Thanks for sharing everyone!
@ sweetl80: If I remember correctly Inconsolata was actually based on Consolas, but I\'m not entirely sure : )
@ Alex Weber: Thanks. Using Jaunty myself. Did you get any errors?
Sometimes sudo asking for a password prevents further execution. Maybe you could try again and let me know?
@ Alex Weber: Damn we are fast : )
Doesn\'t really make sense to me why you should have to sudo for a wget though.
My fav coding font is Impact.
Just kidding.
Mine would probably be Monaco.
@ Alex Weber: Seems to me that you may have created that directory as root once, and now you only have read rights.
Also seems to me that you should own everything inside your homedir so I think you could:
[CODE=\"Javascript\"]
sudo chown -R alex.alex ~alex/.fonts
[/CODE]
And be done with it ; )
Thanks a lot for the ttf version. I was looking for a ttf version of Inconsolata coz i wanted a good monospace font for printing my output.
thanks for sharing this. on komodo IDE it looks easy on the eyes.
cheers!
Thanx a lot
I have question for pietra.
Actually i did a small thing
XP: Control Panel > Display > Appearance > Effects: \"Use the following method to smooth
edges of screen fonts\" Set to clear type
Though all the fonts look good but fonts in komodo edit are just not good on eyes.

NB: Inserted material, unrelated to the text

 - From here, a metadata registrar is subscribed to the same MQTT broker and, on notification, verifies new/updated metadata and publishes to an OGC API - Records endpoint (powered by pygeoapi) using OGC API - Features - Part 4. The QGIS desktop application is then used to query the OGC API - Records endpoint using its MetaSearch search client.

Could you please help?
Thanks for the TTF conversion!
Thanks for posting this, the more people that post these great fonts, the easier it is for people like me to find \'em :D
Thanks for the short, simple, and highly informative post, my eyeballs thank you mightily :)
Inconsolate could be a nice font, but it has some hinting issues: At 11 pt it is almost too small to read on large monitors, using 12 pt the upper line of the equals sign (=) is unclear, same when using 13 pt and at 14 pt both lines are finally very blurry. Even at 18 the upper one is unclear. They are both crisp only at 19 pt, a little bit too big for my taste :-P Further opening squared brace is always a bit less sharp than closing squared brace. It\'s the opposite around for curly ones.

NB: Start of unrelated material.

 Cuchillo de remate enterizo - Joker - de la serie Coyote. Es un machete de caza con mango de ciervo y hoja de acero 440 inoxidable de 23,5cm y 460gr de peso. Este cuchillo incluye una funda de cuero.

For me Dina font is the best.
http://www.donationcoder.co...
Thanks for your wonderful feedback everyone!
When I was creating The Easy API - http://theeasyapi.com I had to find a font that I could live with for a while. Since it mattered as the application is huge and does a lot for developers like ourselves. I ended up going with Liberation Mono ... it's really a personal preference though. Some people can't stand that font, and some love it to death. I liked Incon but only when I'm in a pinch and Liberation wouldn't work for some reason. I like that you offered the Ubuntu commands to get it installed!

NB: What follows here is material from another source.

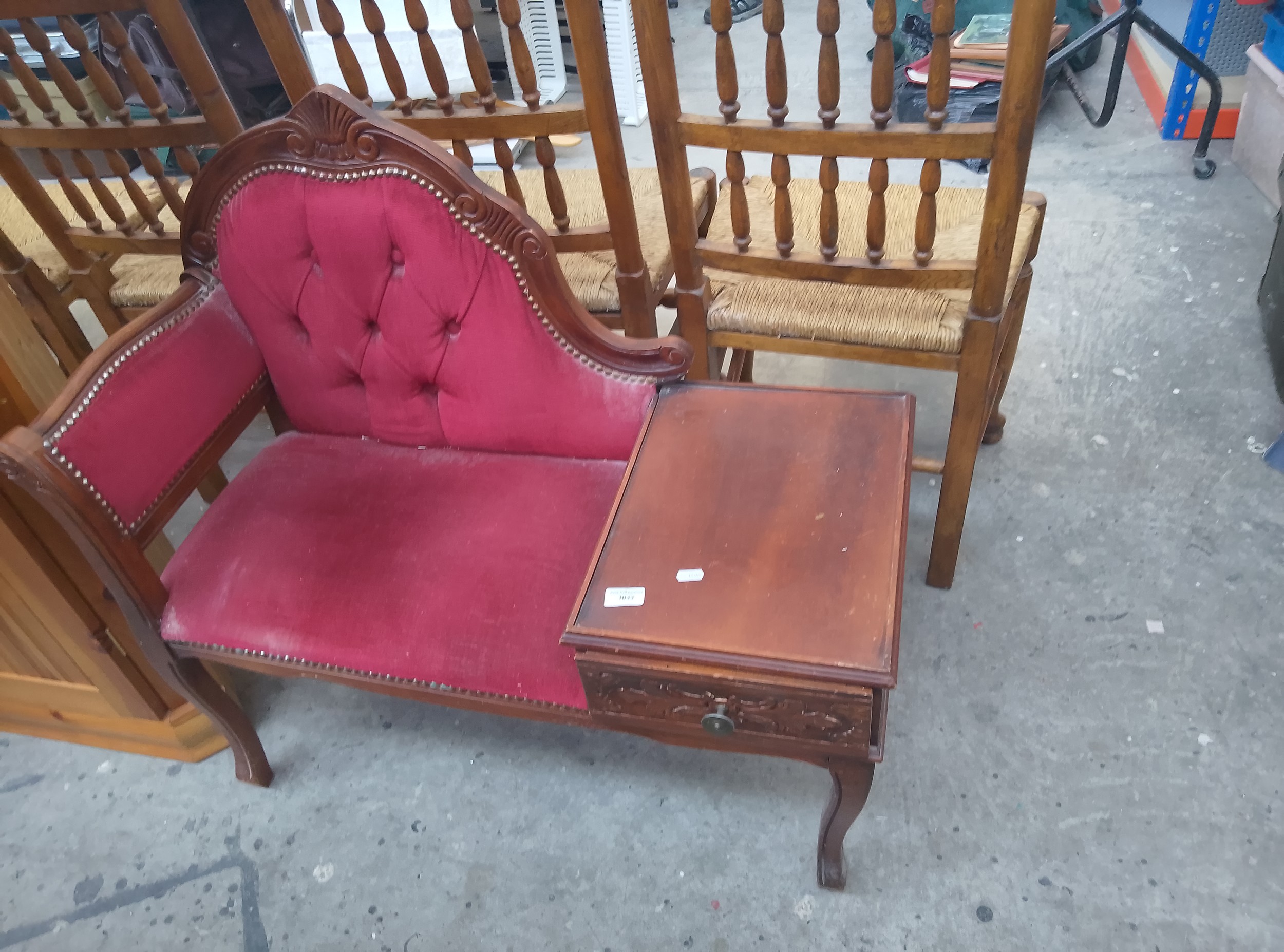 This is a wooden chair featuring red upholstered seating and a curved, tufted backrest with nailhead trim, attached to a small wooden side table with a carved drawer.

I may be doing a bit of bragging here, but check out this rendering of Inconsolata:
http://www.infinality.net/i...
It's with a slightly modified Freetype using autohint. I'm pretty happy with the results!
May peace be upon you!
Thank you for your share with us. And I found it very nice to coding with PHP in gPHPEdit.
I love it.
Hi, I'm using Ubuntu 10.04, which has ttf-inconsolata in repo, but when I install via apt-get, Netbeans 7.0 doesn't see it. When I install it with your term script, Netbeans see it, but doesn't look very nice. Where is the catch? I'm using customized .font.config from https://wiki.ubuntu.com/Fon....
Screenshot:
http://img26.imageshack.us/...
Many thanks! It's real work and I'm happy!